Our point of view on the active versus passive debate.

By:
Kyrill Asatur
Published:
June 29, 2021

There has been a popular narrative that active management, the process of picking stocks and bonds, doesn't work and that everyone should just invest in passive index funds. We argue that this is not the right approach, and in fact, the more money flows into passive index funds, the more unhealthy it is for markets overall. Passive funds, as the name suggests, invest passively into an index of stocks or bonds. New inflows automatically get invested into companies at their index weights. As more money flows into passive index funds, all the companies in an index benefit, regardless of the individual company performance.  

However, as passive index funds own more of the market, we begin to see several unintended consequences.  

First, less discretion is used in "picking stocks," creating an environment for companies to be over or undervalued.  

Second, it exacerbates volatility during market selloffs. When markets go into risk-off mode, there is less discretion in the selling, and the probability for things to overshoot to the downside increases.  

Third, it weakens corporate governance, as passive funds do not generally hold companies responsible.

On the other hand, active management has not "worked" for a long time and has rationally perpetuated the move to passive.  

We believe the reason active investing has not worked is due to the nature of existing incentive structures.

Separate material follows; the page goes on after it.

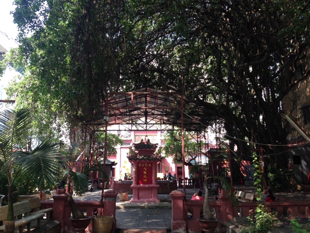 I had the hotel call me a cab and I went to the Jade Emperor’s Pagoda, as recommended by my LP guide. It’s 3 km away from the city centre, which came down to 51,000 VND (€2,15). It was… not what I expected. For one thing, I didn’t see any pagodas. It’s a shrine, built in the early 20th century in honour of the highest Taoist god (the Jade Emperor). It was dark and filled with statues and incense urns. It’s very much a place of worship and not geared for tourism, as evidenced by there being only one word in English in the entire place -“Exit”. I know how to catch a message. On the outside, there’s a tiny pond with dozens of turtles sunbathing lazily over each other.

Traditional long-only active managers are judged on their 1yr, 3yr, and 5yr returns relative to their benchmarks. This creates the incentive for the manager to try as hard as possible NOT to UNDERPERFORM their benchmark because underperformance would almost certainly kill their chances of raising capital.

In the alternative investment world - particularly hedge funds - managers are less benchmarked than traditional long-only managers. However, their fees are almost always too high, with most of the value accruing to the manager. This incentivizes managers to take excessive risk early on in their life cycle to produce high absolute returns and allow them to raise significant capital. Their incentive then changes to retain that capital for as long as possible, often leading to unsatisfactory performance.  

We do not think either of these are sustainable incentive structures. We see a future where the investment world is divided into passive and active strategies, with active including what is currently considered alternative. We partner with active managers who agree on a better alignment of incentives and work to reduce unnecessary fees and intermediaries, thereby delivering more of the value created by active management to our clients.